Absolument. Nous apportons un soutien total et une assistance technique complète à tous ces dispositifs. L’accord de paix est unique, dans le sens où il prévoit plusieurs rouages pour garantir sa mise en œuvre. Et, depuis qu’il a été signé, nous avons ajouté plusieurs comités : l’un est consacré aux questions humanitaires, il y a également le Mécanisme conjoint et enfin le comité travaillant sur les questions économiques.

C’est cela, l’aspect unique de cet accord : il est complet, et dispose des rouages permettant aux deux parties de progresser. Mais rien ne peut être fait du jour au lendemain.

Les États-Unis sont-ils prêts à imposer des sanctions aux deux parties si les engagements pris en juin ne sont pas respectés ?

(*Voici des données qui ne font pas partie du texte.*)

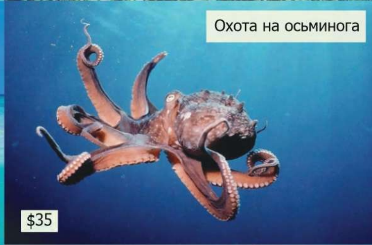
Охота на осьминога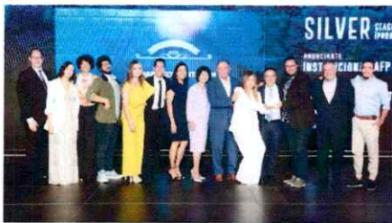
Participantes en la campaña que promocionaba valores.

La publicidad, ejecutada por la agencia Cazar3, obtuvo plata en la categoría de "Seasonal Marketing" y bronce en "Ex-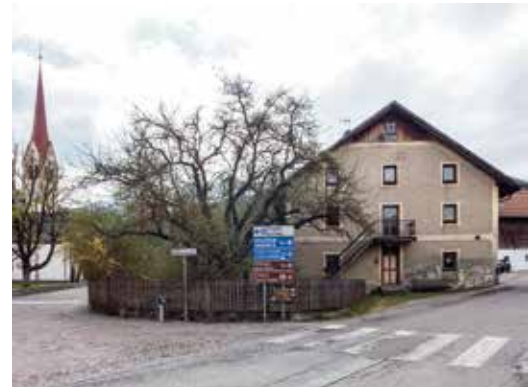
Der Gemeinderat lehnte eine Änderung der Bannzone für die Verlegung des Sattlerhofes (im Bild) mit Hinweis auf das negative Gutachten der Landeskommision für Natur, Landschaft und Raumentwicklung ab.

Sollte keine Mehrheit für den Antrag um Änderung der Bannzone zustande kommen, solle man den Bauer trotzdem unterstützen, um gemeinsam eine Lösung zu finden, hofften Markus Agstner und Fabi-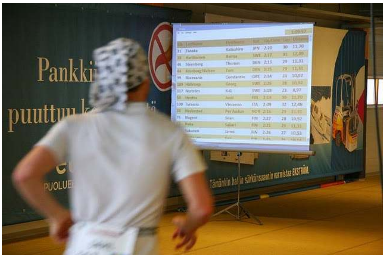
Denne tavla oppdager jeg ikke før etter flere timer. Mitt navn er langt nede - foreløpig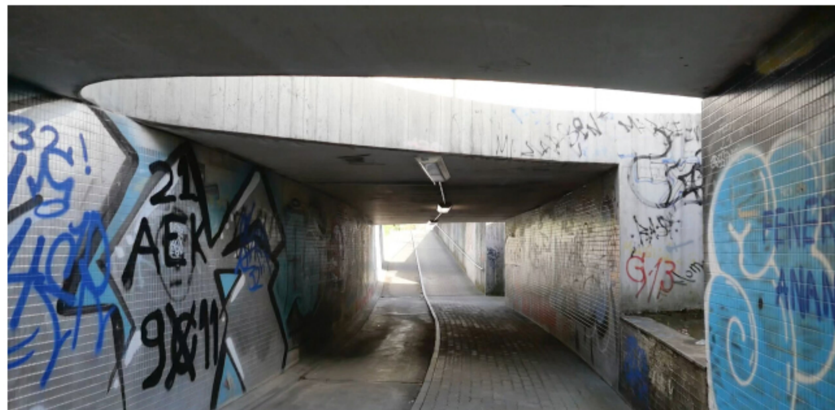
Passage sous la Birsfelderstrasse, Muttentz

En présentant le passage aménagé sous la Birsfelderstrasse , les étudiantes et étudiants de la FHNW ont consciemment choisi d'attirer l'attention sur un lieu apparemment insignifiant, d'aucuns diraient même un non-lieu. Il vaut cependant la peine de prendre le temps d'observer cet endroit où la plupart des gens se dépêchent de passer, perdus dans leurs pensées. Les cyclistes déboulent à toute vitesse, les piétonnes et piétons se croisent, laissant parfois des traces, temporaires ou permanentes. Les solutions aménagées pour l'éclairage et le choix des matériaux révèlent des qualités surprenantes.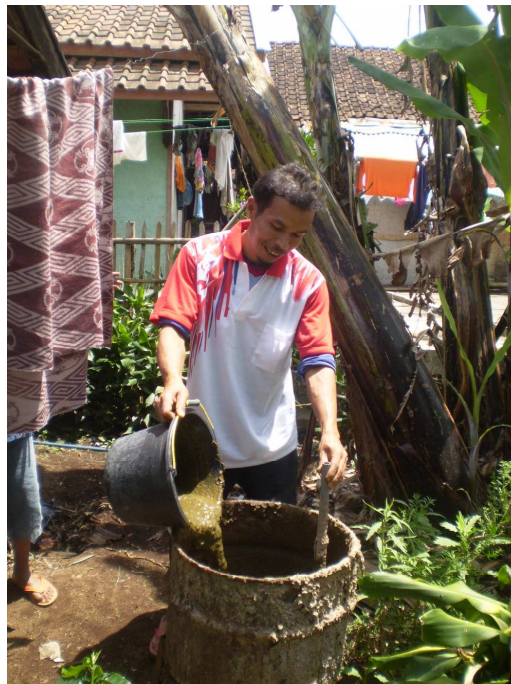
Gambar 5 Proses Pencampuran Kotoran Ternak dan Air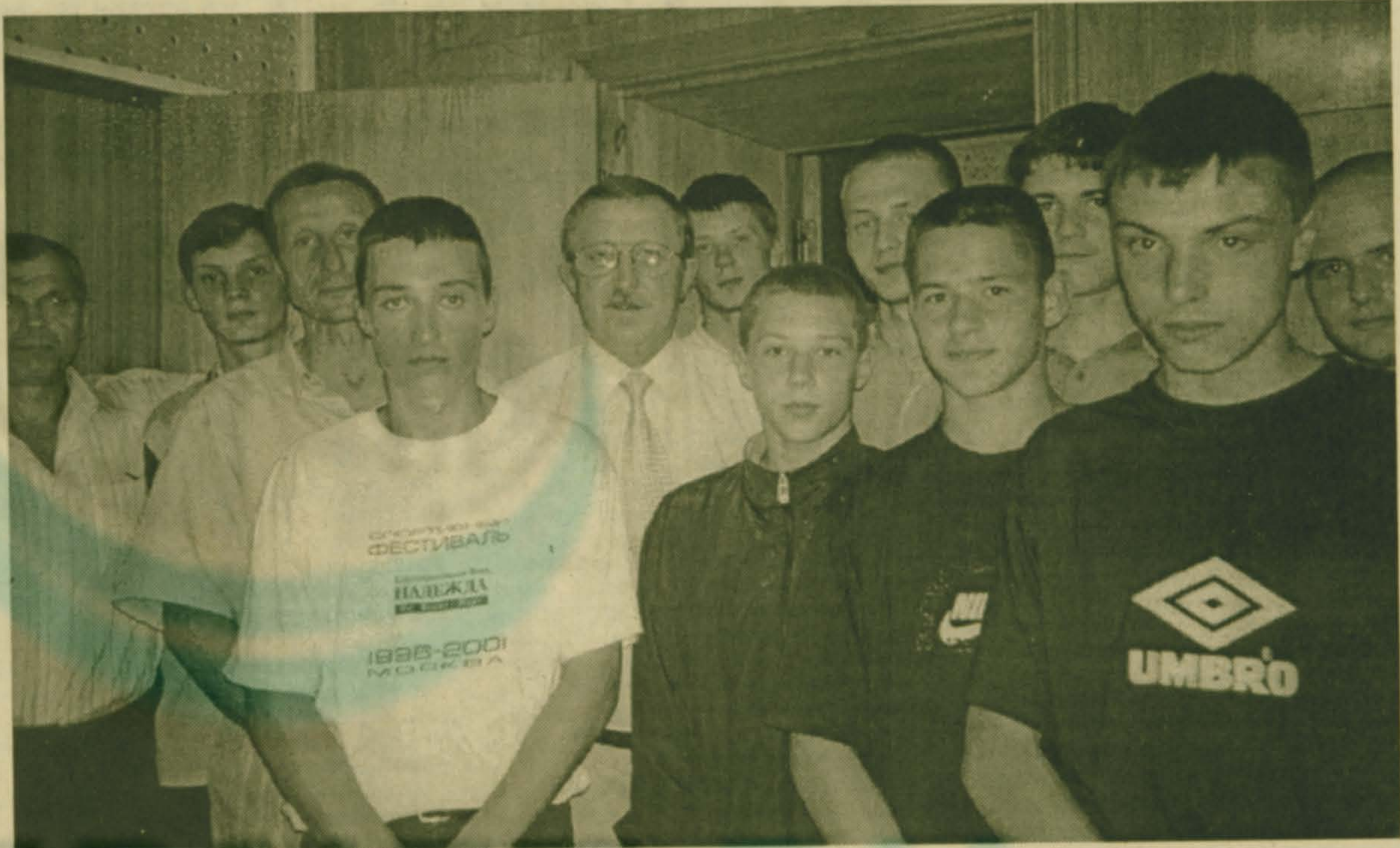
Глава поселка среди участников футбольного турнира дворовых команд.

-Недавно в Красковском культурном центре состоялся фестиваль самодеятельного творчества «Зимняя радуга». Он стал уже традиционным, приносит много радости и взрослым, и детям. Мне пришлось услышать положительные отзывы от зрителей. Но за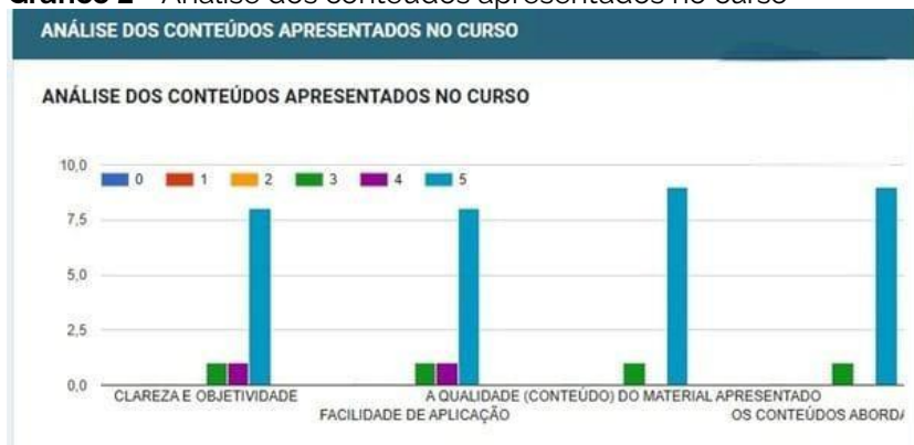
Gráfico 2 - Análise dos conteúdos apresentados no curso

A análise do questionário referente aos conteúdos apresentados no curso demonstra uma avaliação predominantemente positiva por parte dos participantes. O gráfico evidencia que a maioria das respostas se concentra na pontuação máxima (5), o que indica um alto nível de satisfação em relação à clareza, qualidade, aplicabilidade e coerência dos conteúdos abordados.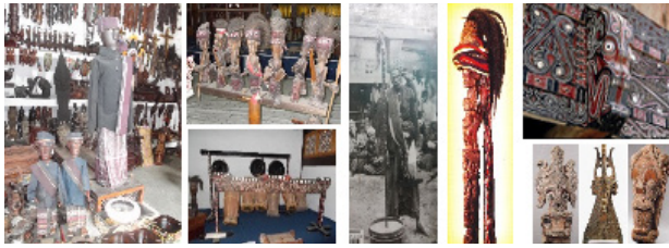
Gambar 1. Beberapa bentuk artefak seni rupa Batak Toba

Keragaman seni rupa Batak masa lalu dapat dikelompokkan pada bentuk-bentuk yang sudah dipahami sebagai karya seni rupa, seperti patung, relief, ukiran, anyaman, tenunan, yang diungkapkan pada material batu, kayu, bambu, logam, tanduk, tanah liat, buah kering, benang/serat, dan sebagainya. Bentuk seni rupa ini terungkap dalam produk-produk tradisi, seperti patung pangulubalang, boneka sigale-gale, relief tunggal panaluan, sahan, pustaha, tenunan ulos, berbagai ragam hias (gorga), dan lainnya. Seni rupa Batak Toba masa lalu (tradisi) ini semuanya tergolong seni tarapan ( applied art ), yang mengandung fungsi pakai dalam aktivitas sosial dan budaya masyarakat.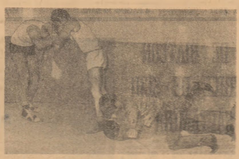
Pe cînd un antrenor pentru acționiștii tineri cere interes sportivii lui?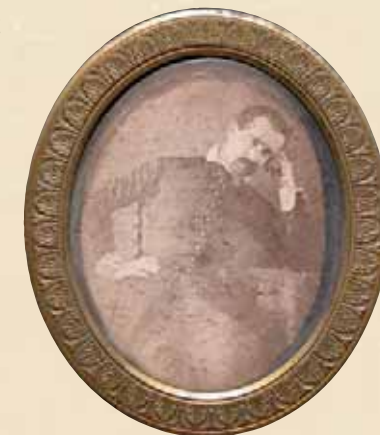
Augustin Chaho. Tirage photographique, vers 1850. Musée Basque et de l'histoire de Bayonne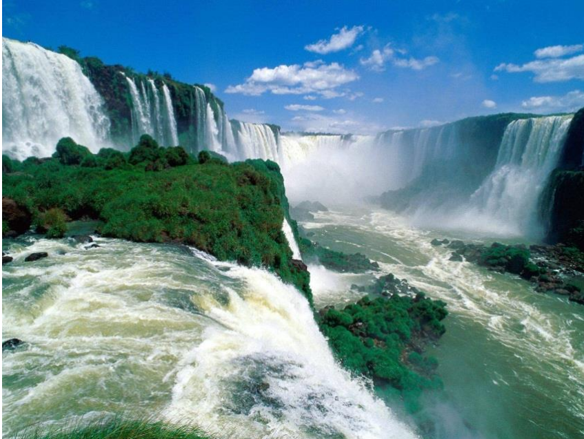
Iguazu-fallen i Novemberskrud.

är sommarens utflykter redan bokade och det kommer att gå bra men om jag känner mig själv rätt är detta det är då jag kommer att avrunda resandet och försöka fokusera på något annat. Om jag inte efter nästkommande guidesäsong har hittat något som jag brinner för här i Göteborg då kanske det är dags att se sig om efter nya jaktmarker.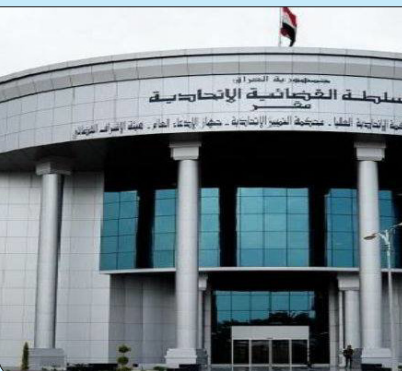
این چارچوب همچنین در بیانیه خود آورده است: ما همچنان معتقدیم که گفت‌وگوی مستقیم و متعهد به اهداف فراگیر و مشترک ملی، ساده‌ترین و سریع‌ترین گزینه برای غلبه بر بحران‌ها و تدوین راه‌حل‌های بلند مدت است.

در ادامه این بیانیه آمده است: وحدت معیارها، اعتماد میان شرکای سیاسی را تقویت می‌کند و تلاش‌های آنها را در مسیر دستیابی به اهداف مشترک ملی را متحد کرده و تهدیدات و خطرات در کمین عراق را دفع می‌کند.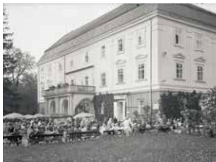
Zlínský zámek

Touto úpravou byl pozměněn i výraz celé stavby – východní průčelí starého paláce bylo půdorysně zasunuto za průčelí bývalé věže. Do vznik-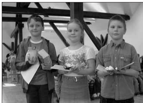
Vítězové II. kategorie.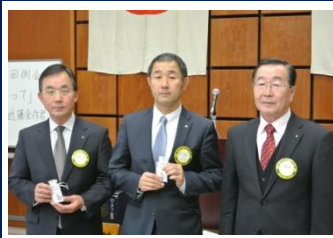
会員増強バッジ贈呈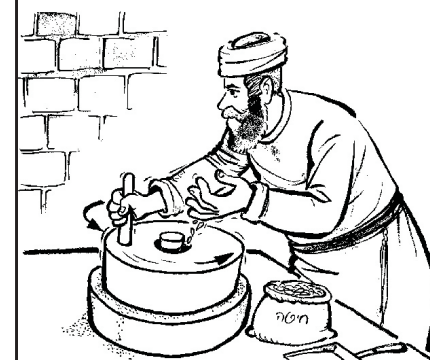
עוֹחֲנִים את החיטה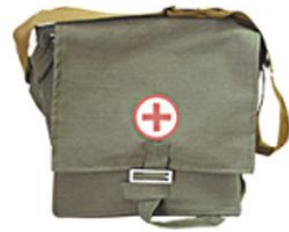
Сумка санитарная санинструктора сандружинника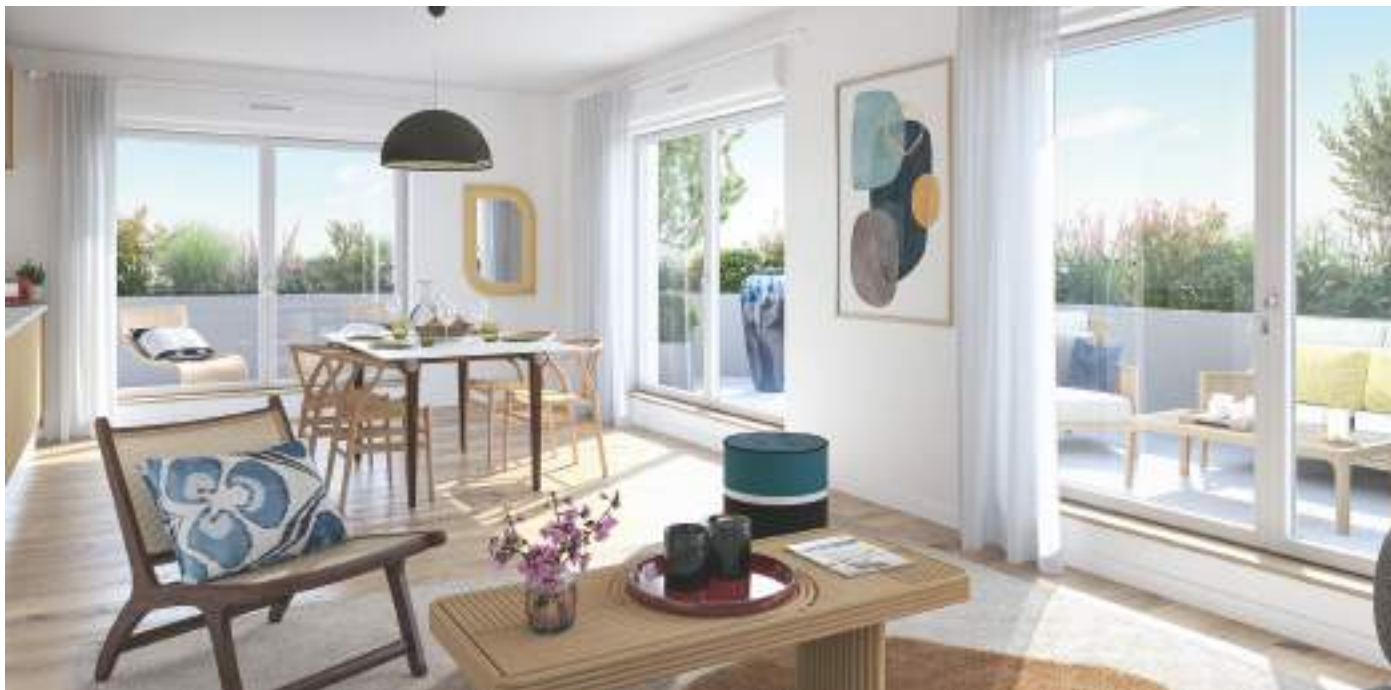
Vue de l’intérieur d’un appartement 3 pièces

Dotés d’un niveau de confort exceptionnel, les appartements s’inscrivent dans une démarche de haute qualité environnementale, répondant aux exigences de la certification NF Habitat HQE.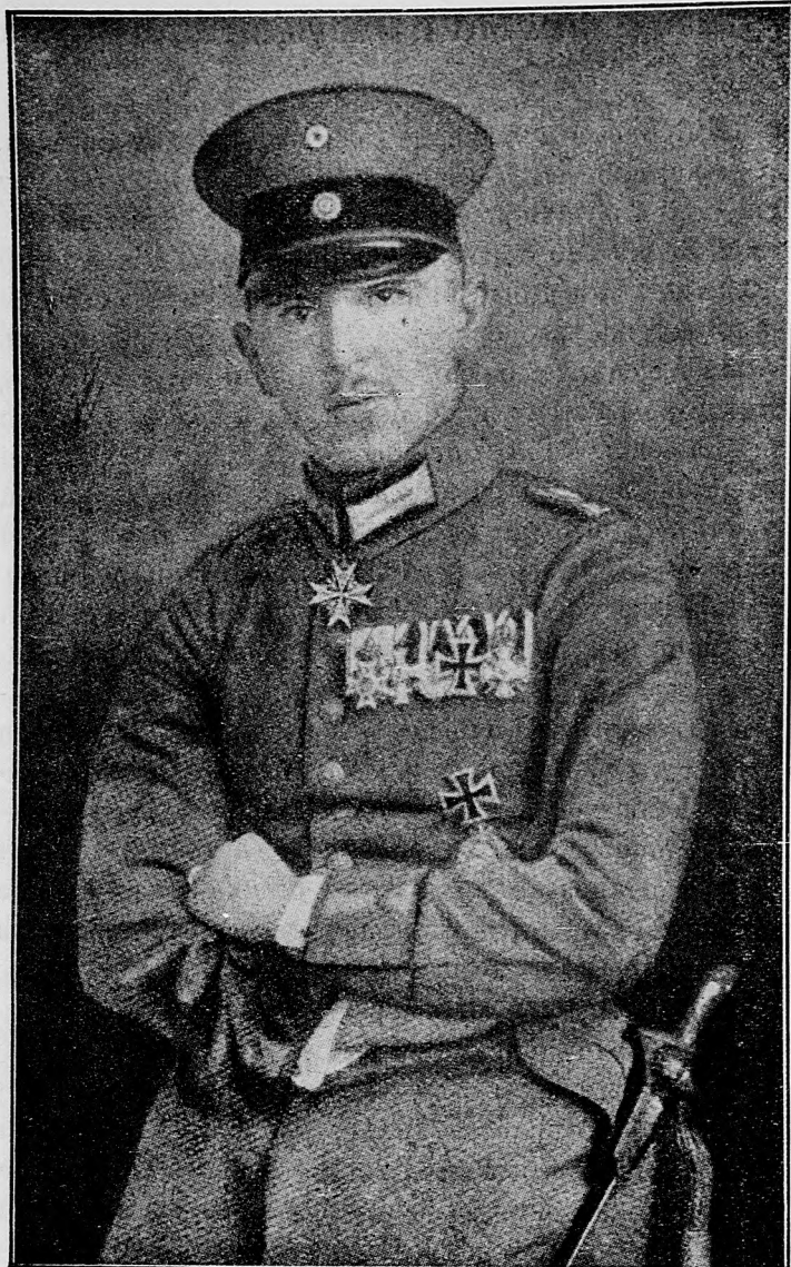
Immelmann, nemecký chýrny letúň, ktorý sostrelil 18 nepriateľských lietadiel, konečne ale nešťastlivo sletel a zomrel hrdinskou smrťou.

skej légie, tento pohyb bolo možno previesť bez pomýlenia zo strany nepriateľa.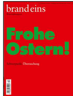
Brand eins Ausgabe Dezember 2017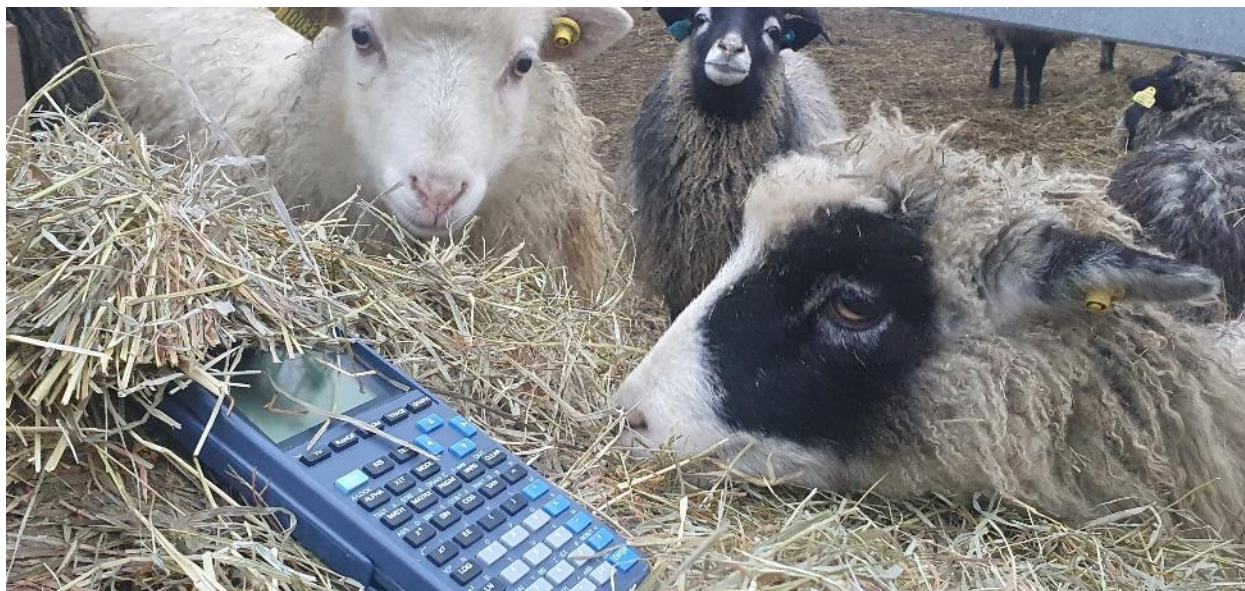
Klimakalkulatoren – et hjelpemiddel i klimarådgivingen.

Liste over rådgivere i Agder er tilgjengelig på Landbruksdirektoratets nettsider, og du finner fylkesvis oversikt over klimarådgivere på Landbruksdirektoratets nettside .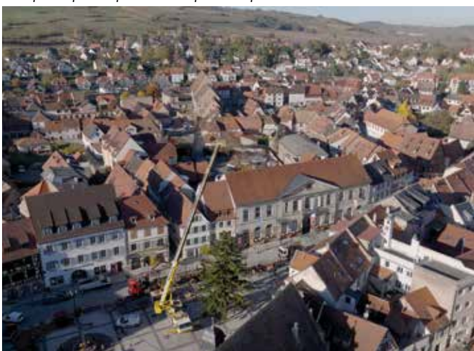
Après le grutage et le transport, l'épicéa arrive en fin de matinée sur la place de l'Hôtel de Ville, escorté par la Police municipale. Il s'agit ensuite de bien l'installer.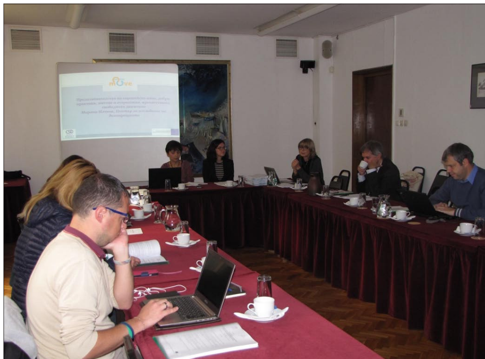
Правната програма представя движещите фактори и пречките за свободното движение на младите хора на национален семинар през октомври 2017 г.

следване на демокрацията продължи да събира данни и информация по различни аспекти на спазването на основните права в България. Успоредно с приноса към изготвянето на Годишния доклад за основните права на Агенцията, през 2017 г. Правната програма анализира проблеми като проявите на омраза срещу мюсюлмани и мигранти; ромските и странстващите общности; женомразството (мизогиния), стереотипите по полов признак и речта на омразата, насочена срещу жени; пречките, които срещат гражданите на ЕС при упражняването на правата си в друга държава членка; и статуса и полето на действие на НПО в сферата на зачитането и подкрепата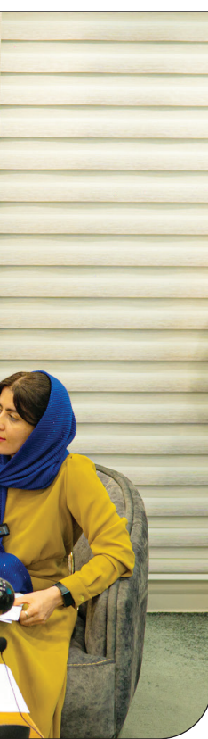
موسسه دارالاکرام |

رئیس پلیس امنیت اقتصادی فراجا از اجرای طرح ویژهٔ برخورد با احتکار شیرخشک در کشور خبر داد که طی آن نزدیک به ۶۵۰ هزار قوطی انواع شیرخشک کشف شده است. به گزارش ایسنا، «سردار حسین رحیمی» با اشاره به اینکه پلیس امنیت اقتصادی با رصد دقیق موضوعات و مسائل اقتصادی کشور سعی و تلاش خود را به‌کار بسته است تا اجازه ندهد برخی سوداگران اقتصادی برای کسب منافع بادآورده اقتصاد کشور را به چالش بکشانند، گفت: در حال حاضر با پیگیری‌های صورت‌گرفته از سوی پلیس امنیت اقتصادی فراجا در استان‌های قزوین، البرز و خراسان رضوی سه انبار احتکار شیرخشک شناسایی و با آنان برخورد شده است. یکی از این انبارها در یکی از شهرک‌های صنعتی واقع در استان البرز بود که از آن ۱۷۲ هزار و ۴۴۰ قوطی شیرخشک و همچنین مقدار ۲۹ هزار و ۷۰۰ کیلوگرم مواد اولیهٔ شیرخشک کشف و ضبط شد. رئیس پلیس امنیت اقتصادی فراجا افزود: همچنین، در عملیات دیگر مأموران پلیس امنیت اقتصادی فراجا با استفاده از منابع اطلاعاتی در یکی از شهرک‌های صنعتی استان خراسان‌رضوی تعداد ۲۴۳ هزار و ۵۵۹ قوطی پودر شیرخشک ۴۰۰گرمی در برندهای مختلف و تعداد ۳۲۰ هزار قوطی ۴۰۰گرمی انواع شیرخشک را کشف و ضبط کردند. در استان قزوین نیز از یک انبار مقادیر قابل‌توجهی شیرخشک احتکارشده کشف و ضبط شد.

Les États-Unis disposent de nombreux outils à leur disposition, qui peuvent être utilisés si nécessaire et déclenchés à tout moment. En août, nous avons annoncé certaines sanctions contre des individus et des groupes impliqués dans l’exploitation minière et le commerce illicite de minerais. Le M23 a été sanctionné par les États-Unis sous l’administration précédente. C’est un outil que nous gardons sous la main, mais nous espérons vraiment que tout le processus se déroulera sans heurt, afin de ne pas avoir à y recourir.

Beaucoup d’entreprises américaines sont prêtes à investir des milliards de dollars en RDC.

Qu’en est-il des perspectives d’investissements américains que vous souhaitez promouvoir dans le cadre de ce processus ?

C’est aussi en cours de finalisation et tout cela sera officialisé très bientôt dans le cadre d’une cérémonie d’annonce globale. Notre premier objectif, le principal, c’est de ramener la paix dans la région. Le second c’est effectivement la mise en place d’une coopération économique stratégique dont nous sommes en train de négocier les détails avec la RDC. Nous discutons aussi d’axes de coopération avec le Rwanda et, peut-être plus tard, avec d’autres États de la région.

Il y a aujourd’hui beaucoup d’entreprises – américaines, mais pas seulement – qui sont prêtes à investir des milliards de dollars en RDC. Et pas uniquement dans les mines. Les États-Unis soutiennent cela à travers la DFC (Development Finance Corporation). Il y a aussi le corridor de Lobito, pour lequel nous apportons un important soutien économique, notamment pour la rénovation du chemin de fer jusqu’en RDC.